▸ Records to use:
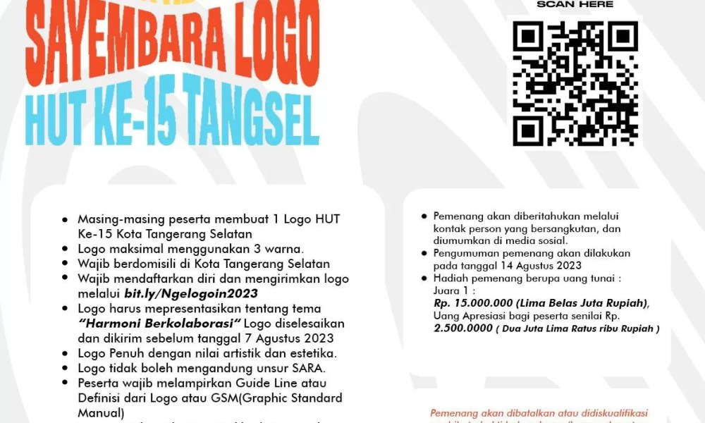 Dengan total hadiah mencapai 25 juta rupiah, diharapkan didapat karya terbaik yang akan mewarnai peringatan hari jadi Kota Tangerang Selatan.
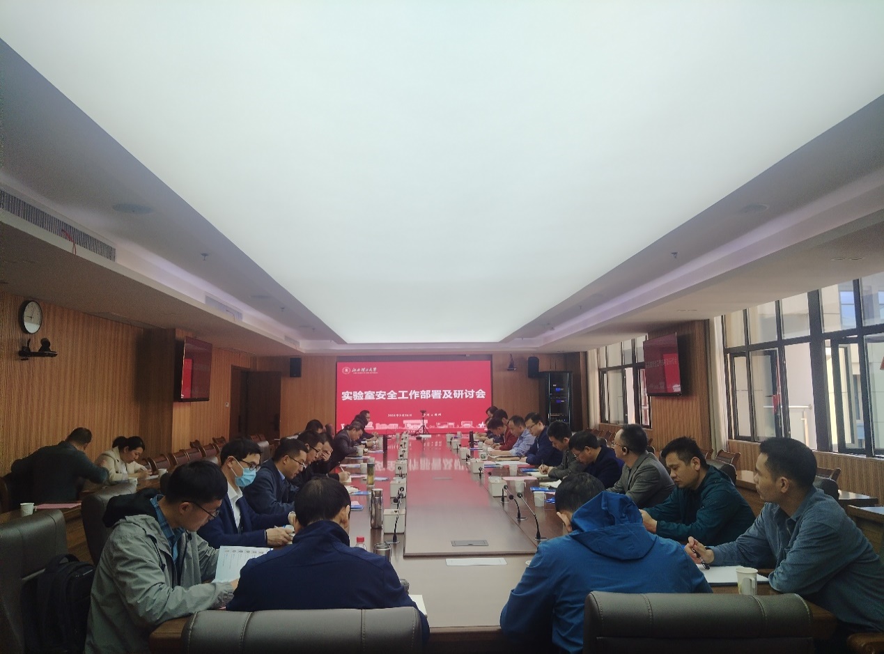 叶信宇详细介绍了学校实验室安全管理工作情况,并部署了下一步实验室安全管理工作。实验室与设备管理中心副主任李晓嵘向参会人员领学了由教育部办公厅印发的《高等学校实验室安全规范》。
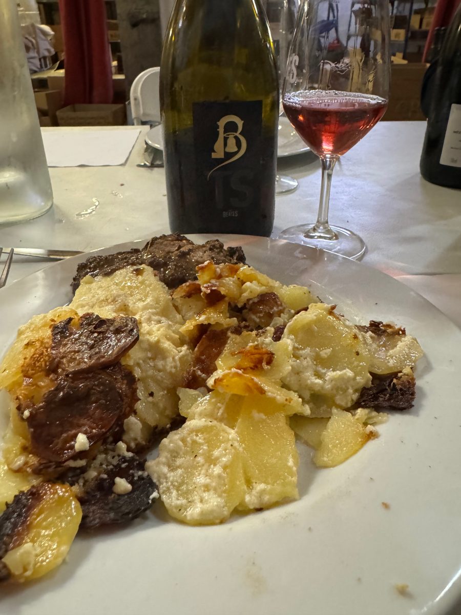 2023 Domaine les Béates, LOU Misto, Vin de France: Retail: 16€. Ugni blanc, Vermentino, Clairette, Grenache Blanc, Grenache Noir, Counoise. “Misto” means “mixed” and the way I understand the blend, a third is from red grapes (blanc de noirs), crushed and aged in terra cotta, another third is straight to press and vinified in stainless steel, and the last third remains on the skins for a month and aged in a concrete egg (orange wine). Certainly quite weighty and complex with layers of flavor and complexity with nice pear and melon. Good balance. Tasty. Excellent. 91 Points.
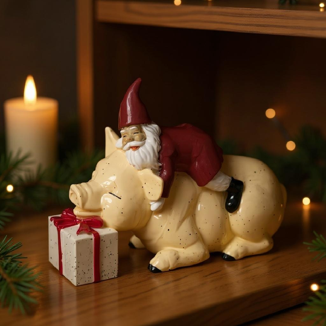 Verleihen Sie Ihrer Weihnachtsdekoration einen humorvollen und zugleich herzerwärmenden Touch mit dieser charmanten Figur von Harvesttime. Der Weihnachtsmann umarmt ein fröhliches Schwein neben einem liebevoll verpackten Geschenk – eine detailreiche Szene, die sofort eine gemütliche Stimmung verbreitet. Perfekt für die Fensterbank, das Regal oder als witziges Highlight auf dem festlich gedeckten Tisch.
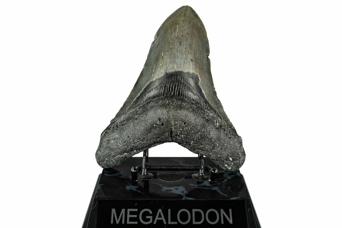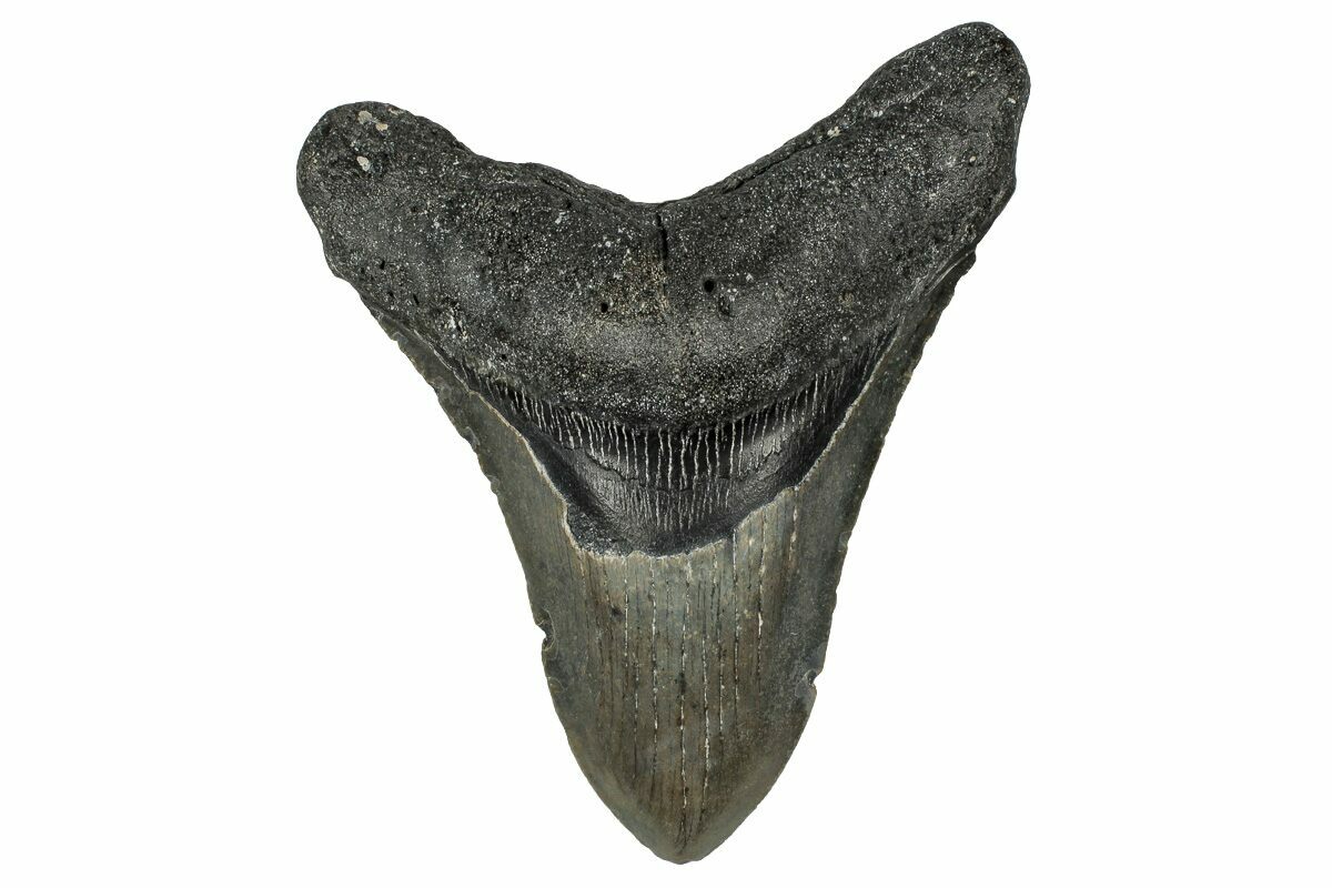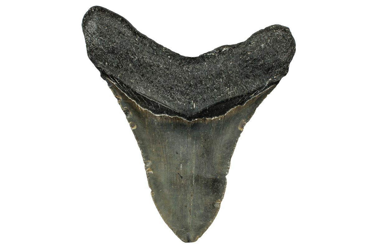 The standard measure for megalodon teeth is slant height, or the longest edge of the tooth. Adult megalodon teeth were typically in the 4 to 5 inch range: teeth over 6 inches are rare and represent super-sized individuals. Only a handful of teeth have ever been found over seven inches.

▸ Problem statement: No pictures should appear; only the lines from the first line of the records through the line with "Verleihen Sie Ihrer", both included, are to be restated word for word.

▸ Response to the exercise:
 Dengan total hadiah mencapai 25 juta rupiah, diharapkan didapat karya terbaik yang akan mewarnai peringatan hari jadi Kota Tangerang Selatan.
 叶信宇详细介绍了学校实验室安全管理工作情况,并部署了下一步实验室安全管理工作。实验室与设备管理中心副主任李晓嵘向参会人员领学了由教育部办公厅印发的《高等学校实验室安全规范》。
 2023 Domaine les Béates, LOU Misto, Vin de France: Retail: 16€. Ugni blanc, Vermentino, Clairette, Grenache Blanc, Grenache Noir, Counoise. “Misto” means “mixed” and the way I understand the blend, a third is from red grapes (blanc de noirs), crushed and aged in terra cotta, another third is straight to press and vinified in stainless steel, and the last third remains on the skins for a month and aged in a concrete egg (orange wine). Certainly quite weighty and complex with layers of flavor and complexity with nice pear and melon. Good balance. Tasty. Excellent. 91 Points.
 Verleihen Sie Ihrer Weihnachtsdekoration einen humorvollen und zugleich herzerwärmenden Touch mit dieser charmanten Figur von Harvesttime. Der Weihnachtsmann umarmt ein fröhliches Schwein neben einem liebevoll verpackten Geschenk – eine detailreiche Szene, die sofort eine gemütliche Stimmung verbreitet. Perfekt für die Fensterbank, das Regal oder als witziges Highlight auf dem festlich gedeckten Tisch.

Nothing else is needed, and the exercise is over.